====== SOURCE DATA ======
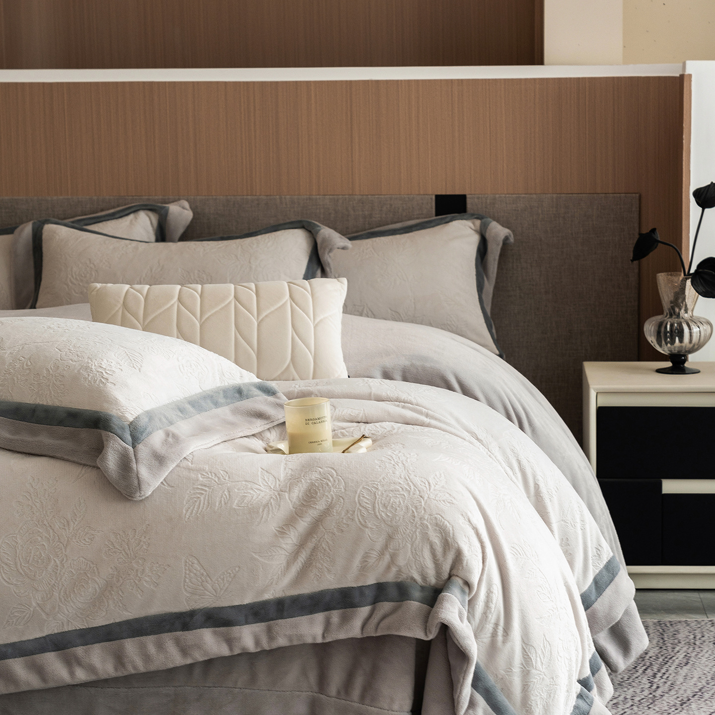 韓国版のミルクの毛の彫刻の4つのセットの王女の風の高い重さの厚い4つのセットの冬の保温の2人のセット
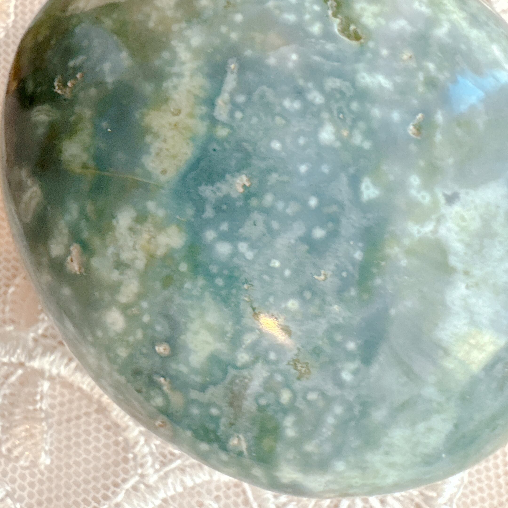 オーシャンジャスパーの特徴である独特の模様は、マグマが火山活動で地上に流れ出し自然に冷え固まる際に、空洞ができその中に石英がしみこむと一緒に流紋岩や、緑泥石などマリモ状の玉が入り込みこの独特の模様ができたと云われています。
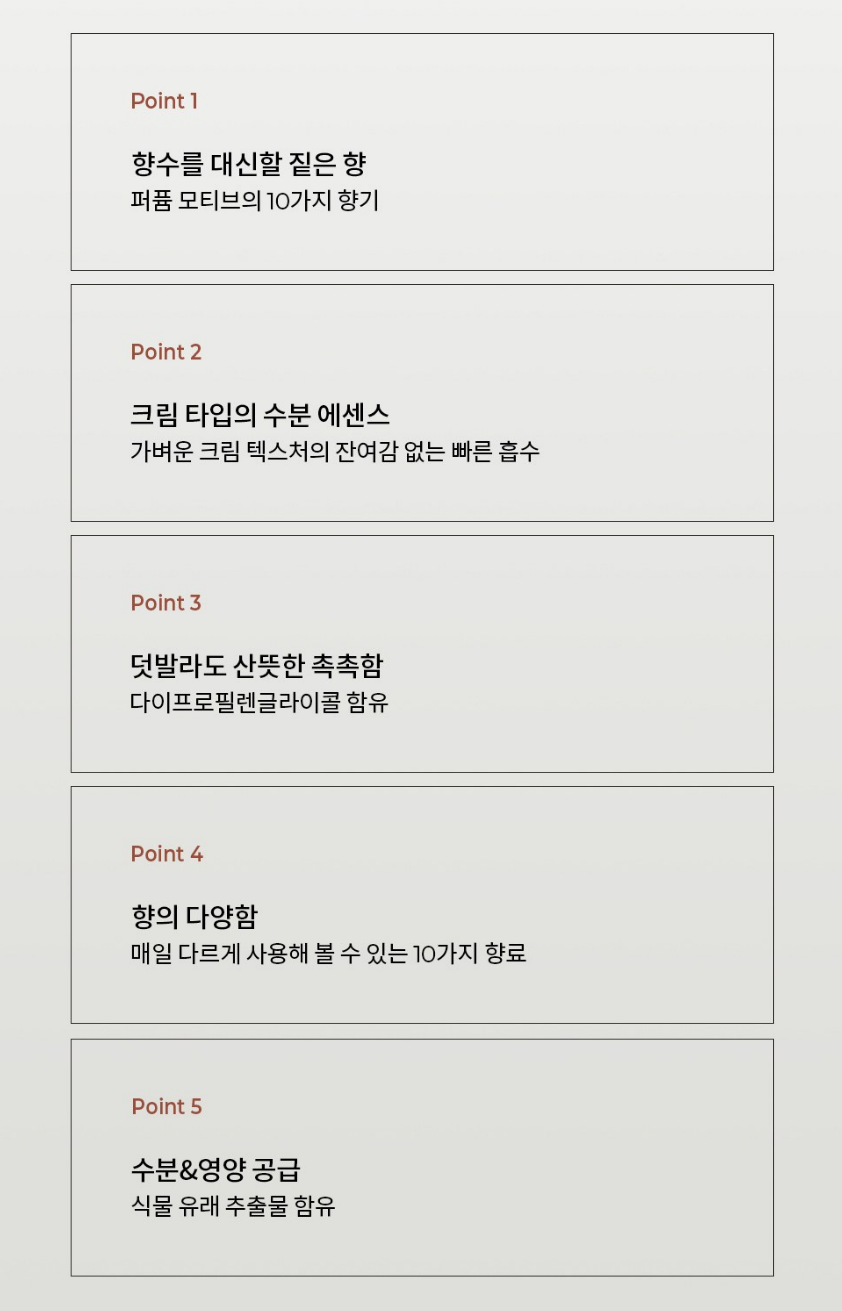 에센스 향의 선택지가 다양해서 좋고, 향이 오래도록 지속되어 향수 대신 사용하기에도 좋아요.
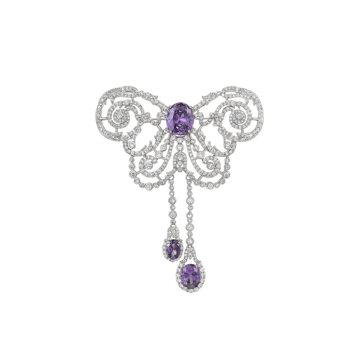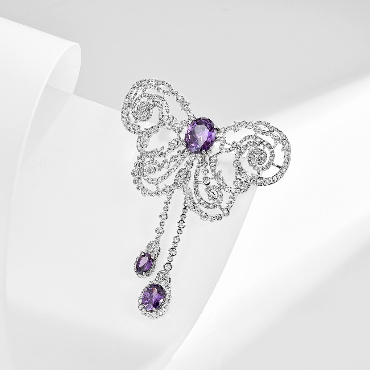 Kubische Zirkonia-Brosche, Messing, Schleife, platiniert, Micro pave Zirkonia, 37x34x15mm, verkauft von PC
======
WHAT THE TASK REQUIRES :: The output should hold only the lines from the one containing "에센스 향의 선택지가" through the last line of the listing, reproduced exactly, pictures omitted.

EXERCISE OUTPUT ::
 에센스 향의 선택지가 다양해서 좋고, 향이 오래도록 지속되어 향수 대신 사용하기에도 좋아요.
 Kubische Zirkonia-Brosche, Messing, Schleife, platiniert, Micro pave Zirkonia, 37x34x15mm, verkauft von PC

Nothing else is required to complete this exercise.